Developers accessing those recordings usually store copies on their local machines, virtual machine drives, or other remote compute environments. Local copies are often needed because processing applications are usually not designed for direct use of block storage or interaction with the API for Amazon S3. Although that approach is technically correct, it presents a disadvantage: developers must fully download data snippets—adding up to dozens of gigabytes or even terabytes—to machines or servers, which means time is spent before the processing of the data even begins. From a developer’s perspective, visualizing a recording with that approach will mean waiting for the full data to be downloaded before playback can start. Another disadvantage with this approach is the need for local drives with sufficient capacity for temporary storage. That means that customers may need to overprovision local storage with sufficient network bandwidth to handle the large amount of data, which can result in additional costs. In sum, developers need to invest time and resources in receiving the data before doing any of the actual processing.
Mountpoint for Amazon S3, a generally available solution backed by support from Amazon Web Services (AWS), helps customers address some of the above challenges. Mountpoint for Amazon S3 empowers your developers to focus on algorithm development rather than data access. It simplifies the developer experience and eliminates the need for downloading local copies by translating local file system operations into REST API calls on Amazon S3.
In this blog post, we present two examples that illustrate the use of Mountpoint for Amazon S3 alongside ready-to-run code that you can test yourself. In each example, we run the code both with and without Mountpoint for Amazon S3 and compare the results. The code modifications necessary for Mountpoint for Amazon S3 are minimal and involve just a few lines. Finally, we discuss performance metrics that showcase the improvements you may be able to achieve from using Mountpoint for Amazon S3.
Mountpoint for Amazon S3 in action
Mountpoint for Amazon S3 is an open-source file client that delivers high-throughput access to Amazon S3, which can help customers lower their processing times and compute costs for data lake applications. Mountpoint for Amazon S3 translates local file system API calls to Amazon S3 object API calls such as GET and PUT. Mountpoint for Amazon S3 is ideal for workloads that read large datasets (terabytes to petabytes in size) and require the elasticity and high throughput of Amazon S3. Mountpoint for Amazon S3 is backed by AWS support, which means that customers with AWS Business Support or AWS Enterprise Support are able to get 24/7 access to cloud support engineers. For more details, see the Mountpoint for Amazon S3 documentation.
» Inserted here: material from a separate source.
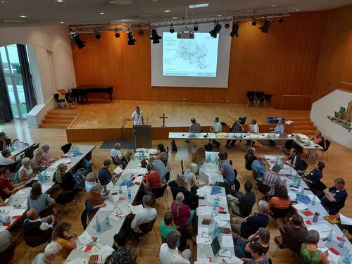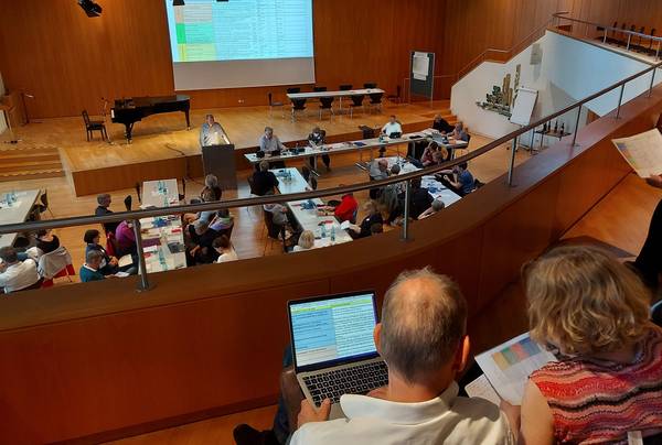 Die Stadtsynode kam am 9. Mai im Albert-Schweitzer-Saal zu einer Sondersitzung zusammen, um die Diskussion um die "Kriterien-Matrix" weiterzuführen, die auf der Tagung der Stadtsynode am 8. April nicht abgeschlossen werden konnte. Die Anregungen und Hinweise aus der Sondersitzung gehen an den Stadtkirchenrat, der über die Gebäudefragen entscheidet.

Let’s discuss two examples that show the potential benefits of Mountpoint for Amazon S3 in real-world scenarios:
1. For a first example, we calculate the SHA-1 hashes on large files stored in Amazon S3. Although not automotive-specific, this straightforward use case involves a process that performs a read operation on a large file. We first use the Amazon S3 copy and hash approach. In that approach, we copy the file from the Amazon S3 bucket to our local file system and then calculate the hash using the local copy. Then we use Mountpoint for Amazon S3 to mount the same Amazon S3 bucket to the local file system. Finally, we calculate the same file hash directly from the mounted Amazon S3 bucket and compare the run times of the two approaches. Using Mountpoint for Amazon S3, we observed an improvement in hash calculation time of up to 5 times.
2. In the second example, we consider an AV/ADAS-specific use case: extracting images from large files produced by a vehicle video recording. The recordings were created using the dSPACE AUTERA logger and stored in the dSPACE RTMaps format. We show how using Mountpoint for Amazon S3 can improve image extraction time in this use case by a factor of 17.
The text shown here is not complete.